In the ink composition according to the present invention,
It is considered that the basic dye is attached to the alkali-soluble resin containing a phenol functional group by the attraction of both charges. As a result, it is considered that the coloring component can be stably present in the ink composition.

On the other hand, the reason why the water resistance is exhibited on the recording medium is considered to be the following two reasons. First, the pH of tap water is generally acidic. When the water adheres to the ink on the recording medium, a neutralization reaction occurs with the base in the ink. The second is that the amount of adhering water is much larger than the amount of ink on the recording medium. When diluted in a large volume of water, the solution becomes less basic.
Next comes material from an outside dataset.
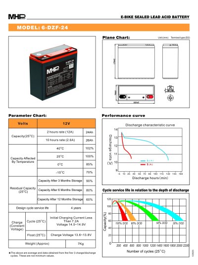 Trakční gelová baterie MHPower 6-DZF-24 je ideálním řešením pro použití v elektrokolech, skútrech nebo solárních systémech. Baterie s kapacitou 24 Ah a gelovou technologií odolá vibracím, nevyžaduje údržbu a vydrží i při častém hlubokém vybíjení. Hodí se jako spolehlivý zdroj energie do domácnosti, dílny i na cesty.

Although it is difficult to separate the above two principles, even if water adheres to the ink on the recording medium,
Since it is not possible to have sufficient basicity to redissolve the resin and dye in the ink, it is considered that high water resistance of the printed matter can be obtained.

The amount of the alkali-soluble resin containing a phenol functional group in the ink composition may vary depending on the type of polymer, the molecular weight of the polymer, and other ink components (dye, alkali, It may be appropriately determined in consideration of additives used as required, for example, a water-soluble monoalkyl ether of alkylene glycol or polyalkylene glycol), but is preferably in the range of about 1 to 15% by weight. Within this range, it is possible to solubilize a sufficient amount of the dye to obtain a recorded image having a reasonable concentration, and even if the alkali-soluble resin contains a phenol functional group having a high molecular weight, the appropriate ink can be used. A viscosity is obtained. When used for inkjet recording, the amount of the alkali-soluble polymer containing a phenol functional group is preferably determined so that the viscosity of the ink composition at 20 ° C. is 10 cps or less.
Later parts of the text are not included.